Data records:
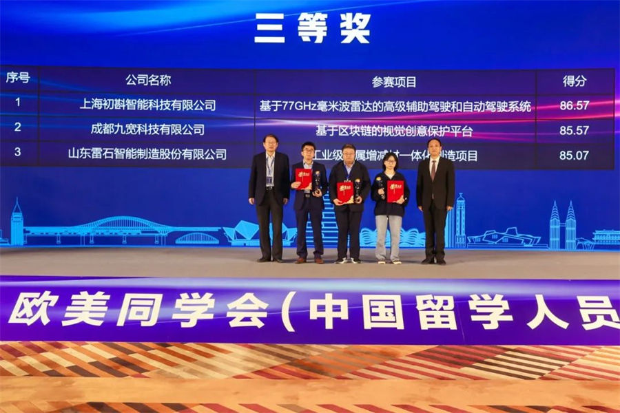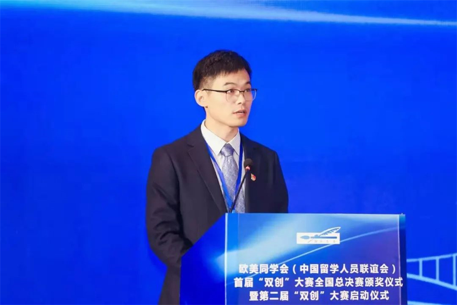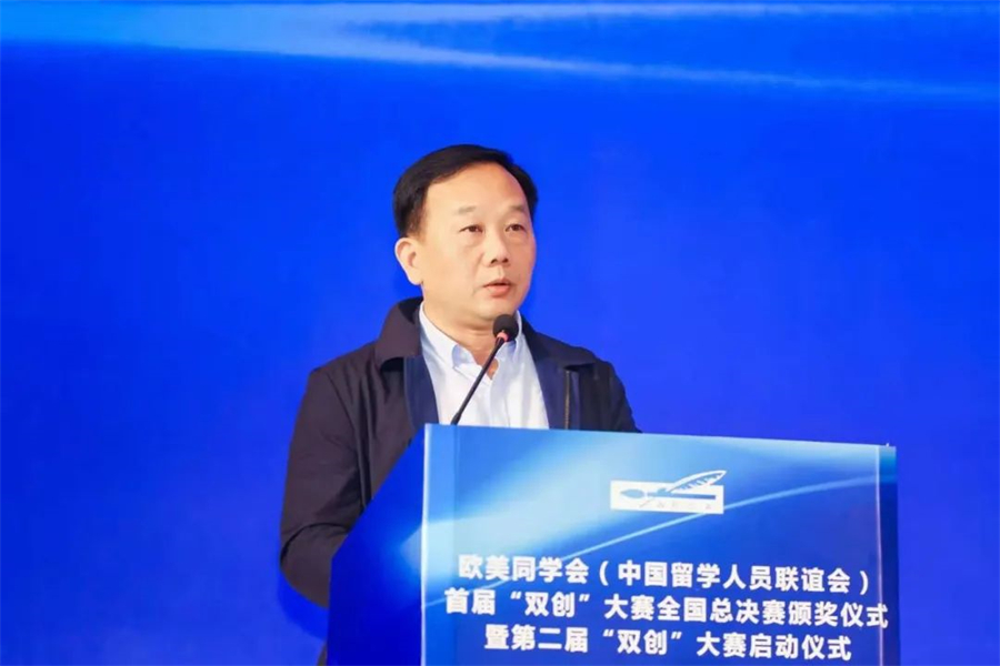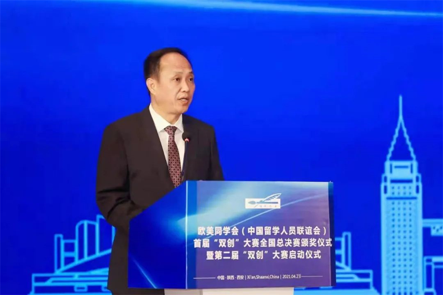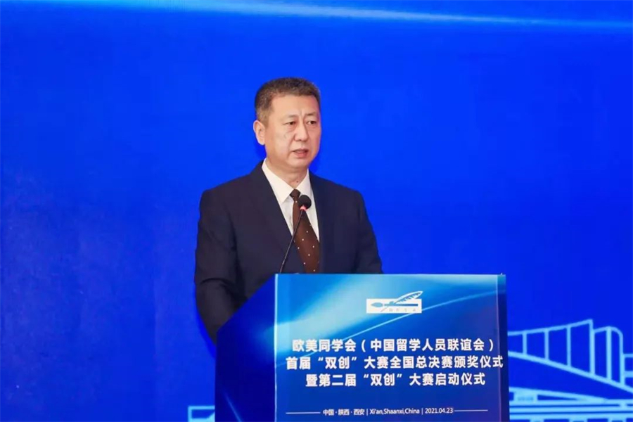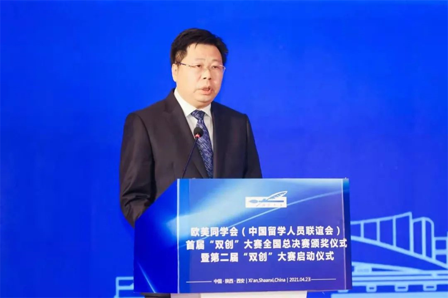 欧美同学会党组成员、副秘书长程洪明主持。 和文全在致辞时说,广大留学人员具有开阔的国际视野,饱含创新创业的时代激情,拥有国际性、高知性、创新性的优势特点,是社会的精英和未来的创造者。欧美同学会首届“双创”大赛的举办,就是贯彻落实党中央决策部署和习近平总书记重要指示精神,围绕国家创新发展战略,推动以科技创新为核心的经济社会高质量发展的重要举措和实际行动。 经过两天紧张有序的参赛项目路演、答辩、评审等环节,欧美同学会首届“双创”大赛共评出一等奖1名,二等奖2名,三等奖3名,优胜奖6名。 “离网式污水处理智慧解决方案”获得一等奖;“微流体生物检测芯片”和“多核3D点云人工智能芯片处理器”获得二等奖,“基于77GHz毫米波雷达的高级辅助驾驶和自动驾驶系统”“基于区块链的视觉创意保护平台”“工业级金属增减材料一体化制造”获三等奖;另有“多传感器算法融合终端”“ZCV零损耗高压缩视频编码技术产业化”“下一代婴配食品原料——人乳寡糖(HMOs)生物合成的新型技术”“植物瞬时表达技术平台生产药用蛋白”“数字机器人”“新冠疫苗完整自主知识产权预灌封注射器生产线全国产业化项目”获得优胜奖。 “坚持创新驱动发展,全面塑造发展新优势”,是党中央立足新发展阶段确立的重大发展战略。欧美同学会认真贯彻落实党中央决策部署,立足自身职能和优势,积极搭建平台载体,为留学人员创新创业创造提供舞台,助力地方经济社会高质量发展。“双创”大赛即是欧美同学会探索出的又一新模式。去年10月21日,欧美同学会首届“双创”大赛在安徽省合肥市盛大启幕,大赛以“同心助力复工复产达产,创新创业创造共赢未来”为主题;按目标产业类别,设置东部、西部、北部、中部4个赛区,吹响了新时期号召海归争当创新创业先锋的集结号。 参加首届“双创”大赛颁奖仪式的嘉宾还有首届“双创”大赛四个赛区承办单位省级欧美同学会有关负责同志,第二届“双创”大赛四个赛区承办单位省级欧美同学会有关负责同志,评审专家,参赛代表,其他各省区市、新疆生产建设兵团欧美同学会、中央企业欧美同学会、中科院留学人员联谊会有关负责同志,以及陕西省和西安市欧美同学会有关负责同志等,总计200多人。
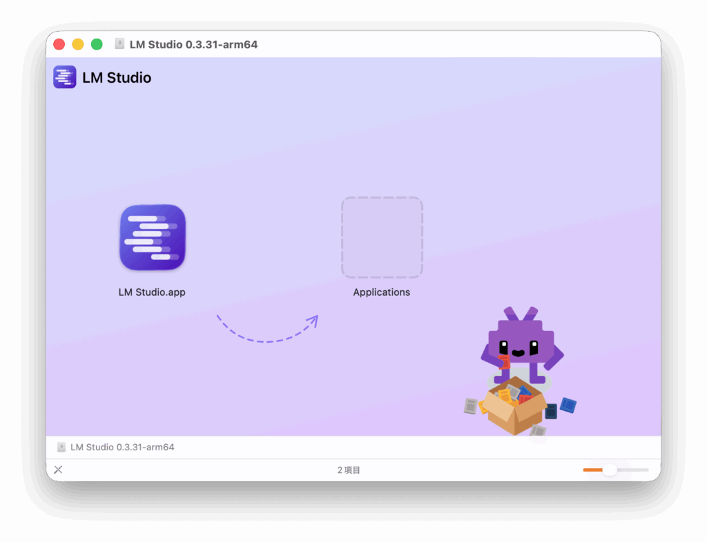 画面に表示されている LM Studio.app をApplicationsフォルダにドラッグ&ドロップ します。
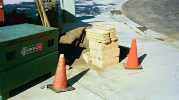 The street, driveway, and garage were not areas renovated by this work, but the work affected them at least while it was ongoing, and we took the following photographs of it.
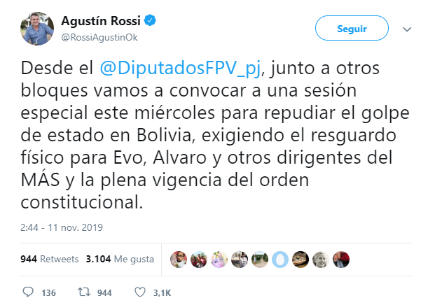 «Juntos a otros bloques vamos a convocar a una sesión especial este miércoles para repudiar el golpe de Estado en Bolivia, exigiendo el resguardo físico para Evo (Morales), Álvaro (García Linera) y otros dirigentes del Más en plena vigencia del orden constitucional», tuiteó Rossi esta mañana.
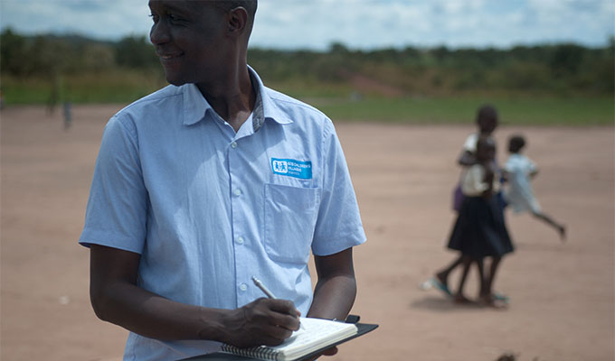 Louis Apenya, Programme Director for SOS Children’s Village Entebbe, visits World’s View to see what programmes are available for pre-school children. In many cases, early childhood development classes are led by untrained volunteers from the refugee community.
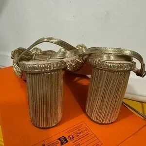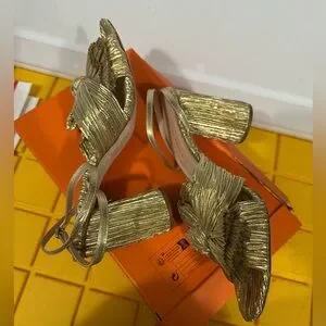 Loeffler Randall Camellia Gold Pleated Bow Heel Sandal MSRP $400 EUC Size 9.5
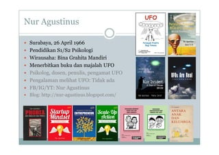 Dokumen tersebut merangkum biografi singkat Nur Agustinus sebagai psikolog, dosen, penulis dan pengamat fenomena UFO. Dokumen ini juga membahas berbagai topik yang berkaitan dengan UFO seperti penampakan, bentuk, teknologi, konspirasi serta perspektif ilmiah dan spiritual mengenai UFO.
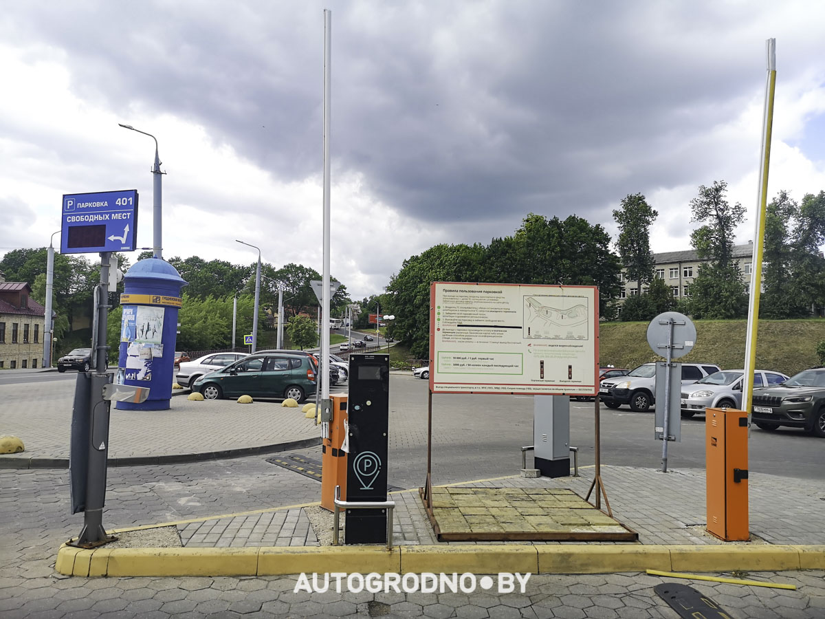 Объявление на въезде гласит, что парковка платная с момента въезда: первый час стоит рубль, далее – 50 копеек. Ниже указан номер телефона: +375 (29) 383 20 23.
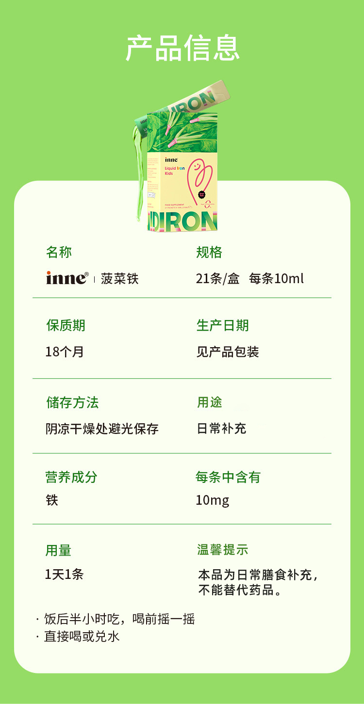 (含税)新包装童年Inne菠菜铁婴幼儿儿童铁剂补铁10ml*21条
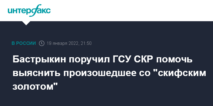 Бастрыкин поручил ГСУ СКР помочь выяснить произошедшее со "скифским золотом"
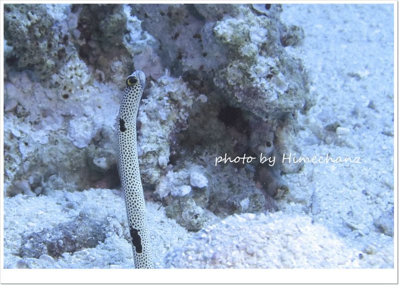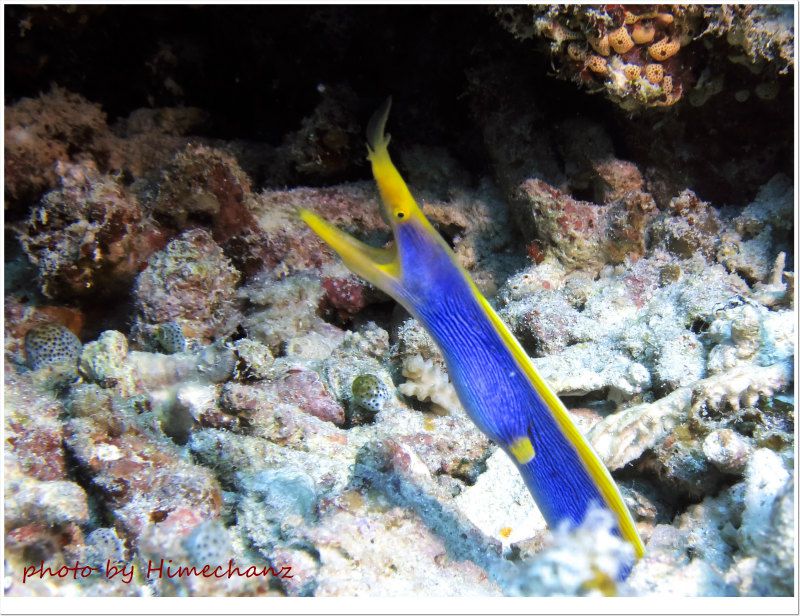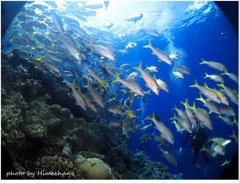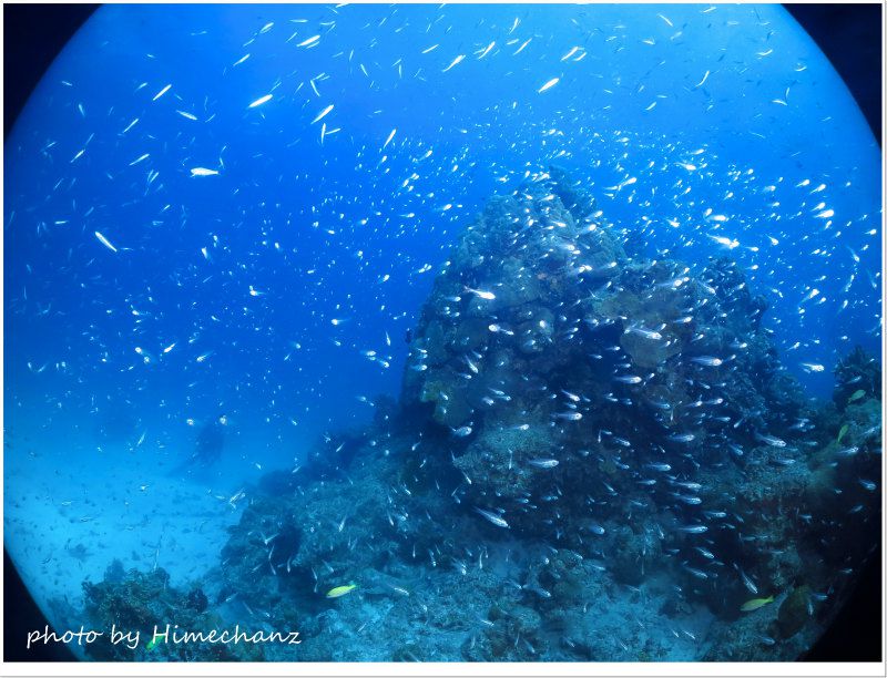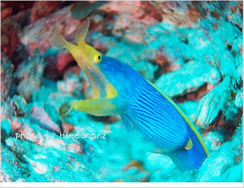 青いハナヒゲウツボやナンヨウハギ、チンアナゴやスカシテンジクダイの群れなど、
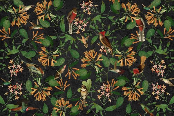 Bogata kompozycja tropikalnych kolibrów i kolorowych kwiatów na głębokim, ciemnym tle. Zielone liście i złote akcenty kwiatów tworzą elegancki i egzotyczny kontrast, idealny do dodania odrobiny luksusu do każdej przestrzeni.
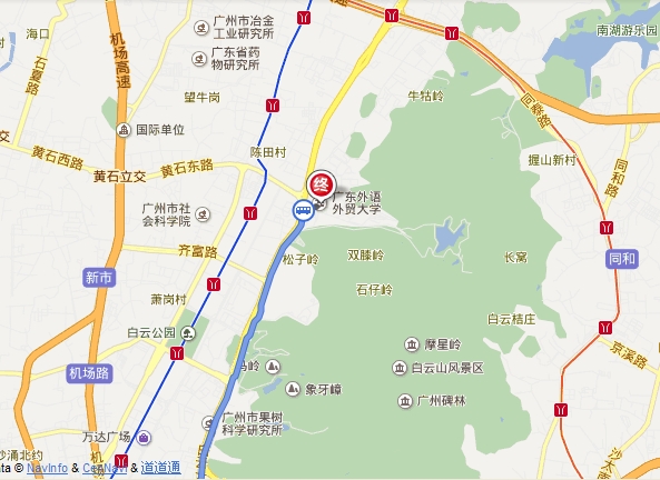 换乘公交864路,到达外语学院白云山西门站,过斑马线,到达广外西门;
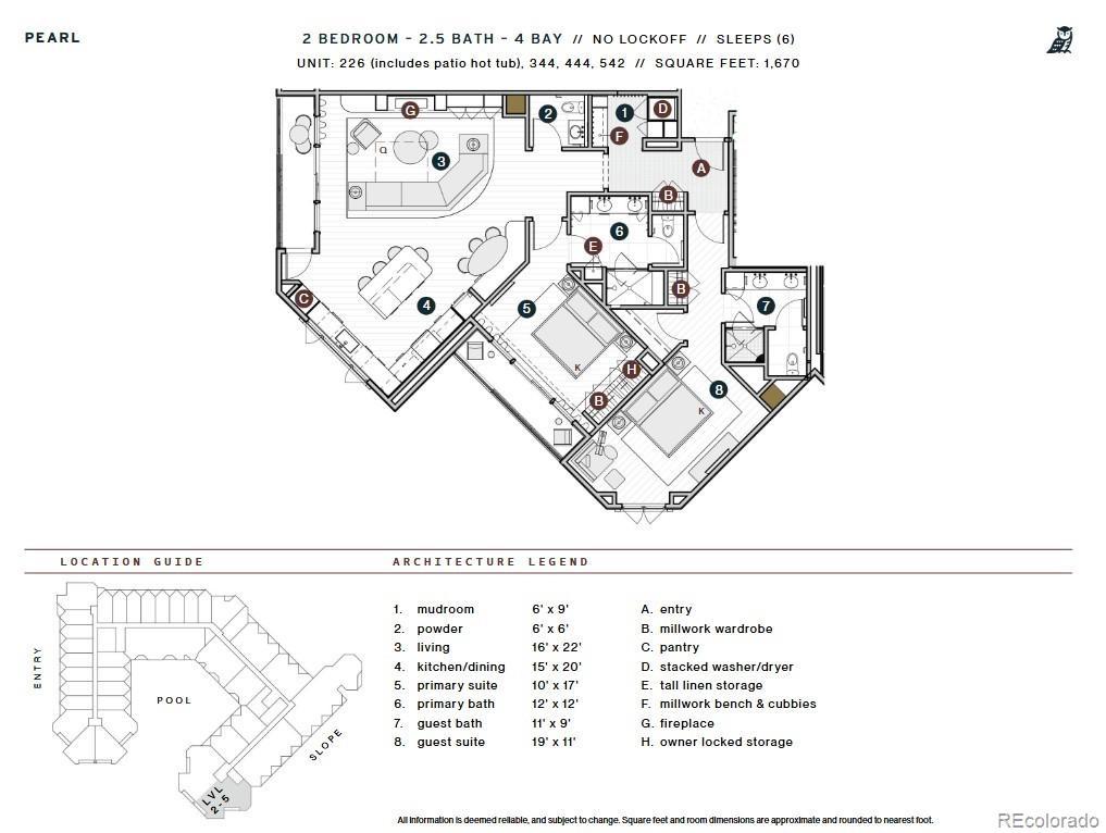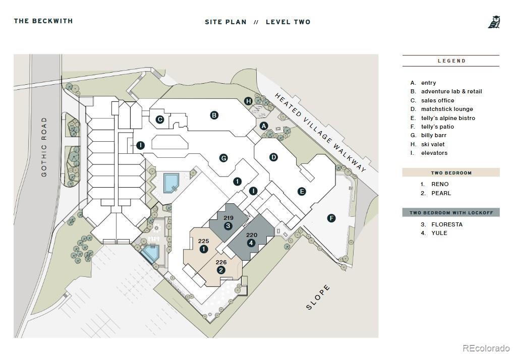 Perfectly positioned on the end cap of the second floor, to-be-built Beckwith Residence 226 offers 1,671 square feet across the Pearl floor plan, with the ideal blend of style, sunlight, and seamless access to the heart of the action. Inside, the wide-open floor plan is drenched in natural light, thanks to its sunset-facing orientation and oversized windows that frame spectacular views of Whetstone Mountain and the dynamic resort environment below. The layout includes two bedrooms, two-and-a-half baths, a spacious primary suite, and an open-concept kitchen, living, and built-in banquette dining area, all designed for effortless gathering, entertaining, or relaxing after an epic day on the slopes. Three private balconies— off the living room, primary suite, and guest suite extend your living space outdoors, where you can sip coffee at sunrise or toast the alpenglow in the evening. Inside, you'll find mountain-modern interiors inspired by Crested Butte’s natural surroundings, complemented by playfully curated design moments. The gourmet kitchen features stone countertops, high-end appliances, a pantry, and a built-in banquette dining area. Meanwhile, a custom entry bench with cubbies provides convenient storage of gear. The primary suite is a serene retreat with a millwork wardrobe, private balcony, and spa-inspired en-suite bath complete with Kohler fixtures and luxurious finishes. Additional features include a stylish powder room, stacked washer and dryer, and secure owner’s storage. The Beckwith is the only ski-in, ski-out resort in the heart of Crested Butte's base area, with world-class amenities including a four-star, community-inspired hotel, seamless ski valet, luxurious spa, adventure concierge, and private mountain & social community, Club Beck. A multi-phased reimaging of Elevation Hotel & Spa will transform almost every space at the resort, with residences anticipated for completion in the Winter 26-27 ski season.
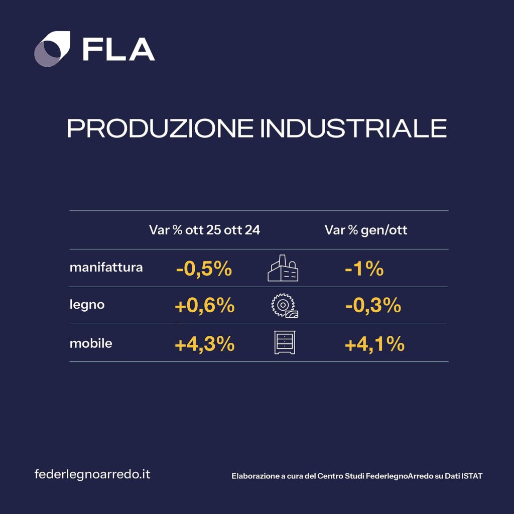 Sul fronte della produzione industriale, il comparto del mobile registra segnali positivi con un incremento del 4,3% a ottobre, confermando il trend positivo del periodo gennaio-ottobre (+4,1%).
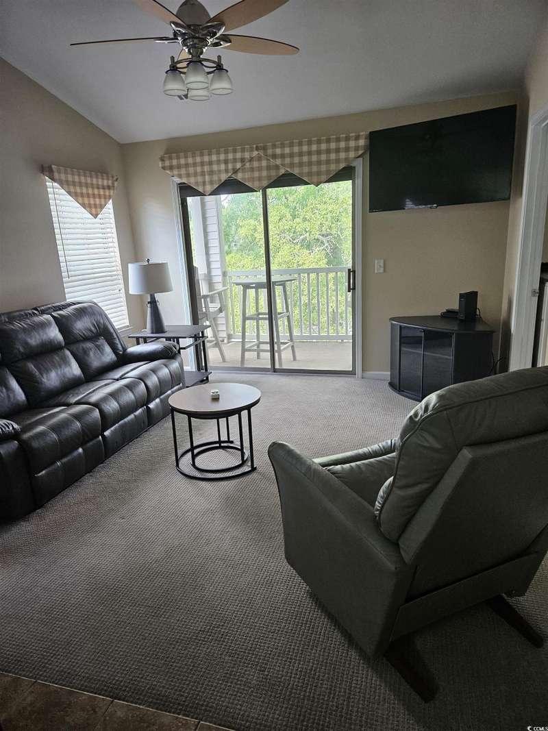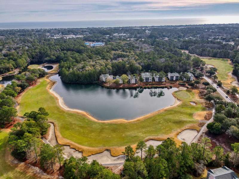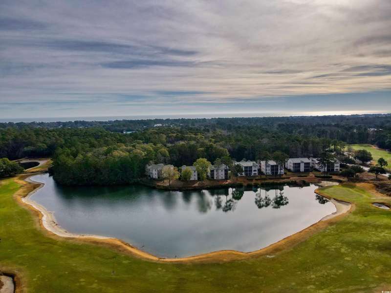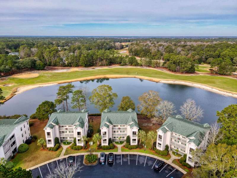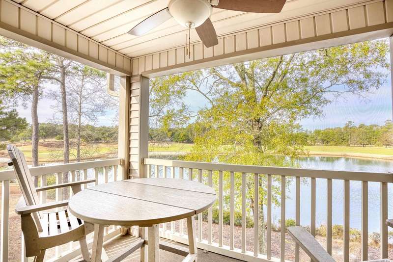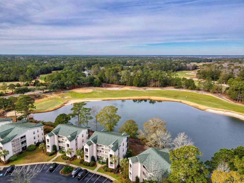 WOW! What a view! This 3rd floor True Blue II end condo offers privacy and a direct view of the beautiful golf course and large lake. Newly painted, this condo has an updated kitchen with newer appliances, quartz countertops, w/waterfall, pantry, touch lights and LED can lights. The kitchen leads into an open dining area and family room with newer carpeting, custom window treatments, vaulted ceiling and sliding doors to the screened porch with the great view. There are 2 bedroom including a master with en suite and slider to the screened porch. There is additional storage in the locked storage shed with a tiled floor located outside the front door. This home is in True Blue II which is a small association within True Blue with its own pool which is located across the street from this condo. Don't miss this opportunity to live on one of the top 100 rated public courses in the country. The condo is being sold fully furnished, just bring your suitcase and start enjoying!
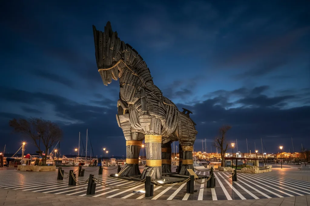 Kolejna nocna żegluga i docieramy do Turcji. Odprawa paszportowa zajmie nam ze 3 godziny! To piękne miasteczko zaprasza na kulinarną turecką ucztę oraz do pierwszej na trasie rejsu knajpki oferującej tylko "czaj". Tych z ADHD możemy wypchnąć na szybkie zwiedzanie Troi. Tych chcących odpocząć zachęcamy do spaceru po urokliwych uliczkach i obejrzenia portowego konia trojańskiego!

## WHAT THE EXERCISE ASKS
With the pictures left out, write out exactly the lines above from the one containing "Dokumen tersebut merangkum" through the one containing "青いハナヒゲウツボやナンヨウハギ、チンアナゴやスカシテンジクダイの群れなど、".

## SOLUTION FOR THIS EXERCISE
 Dokumen tersebut merangkum biografi singkat Nur Agustinus sebagai psikolog, dosen, penulis dan pengamat fenomena UFO. Dokumen ini juga membahas berbagai topik yang berkaitan dengan UFO seperti penampakan, bentuk, teknologi, konspirasi serta perspektif ilmiah dan spiritual mengenai UFO.
 Объявление на въезде гласит, что парковка платная с момента въезда: первый час стоит рубль, далее – 50 копеек. Ниже указан номер телефона: +375 (29) 383 20 23.
 (含税)新包装童年Inne菠菜铁婴幼儿儿童铁剂补铁10ml*21条
 Бастрыкин поручил ГСУ СКР помочь выяснить произошедшее со "скифским золотом"
 青いハナヒゲウツボやナンヨウハギ、チンアナゴやスカシテンジクダイの群れなど、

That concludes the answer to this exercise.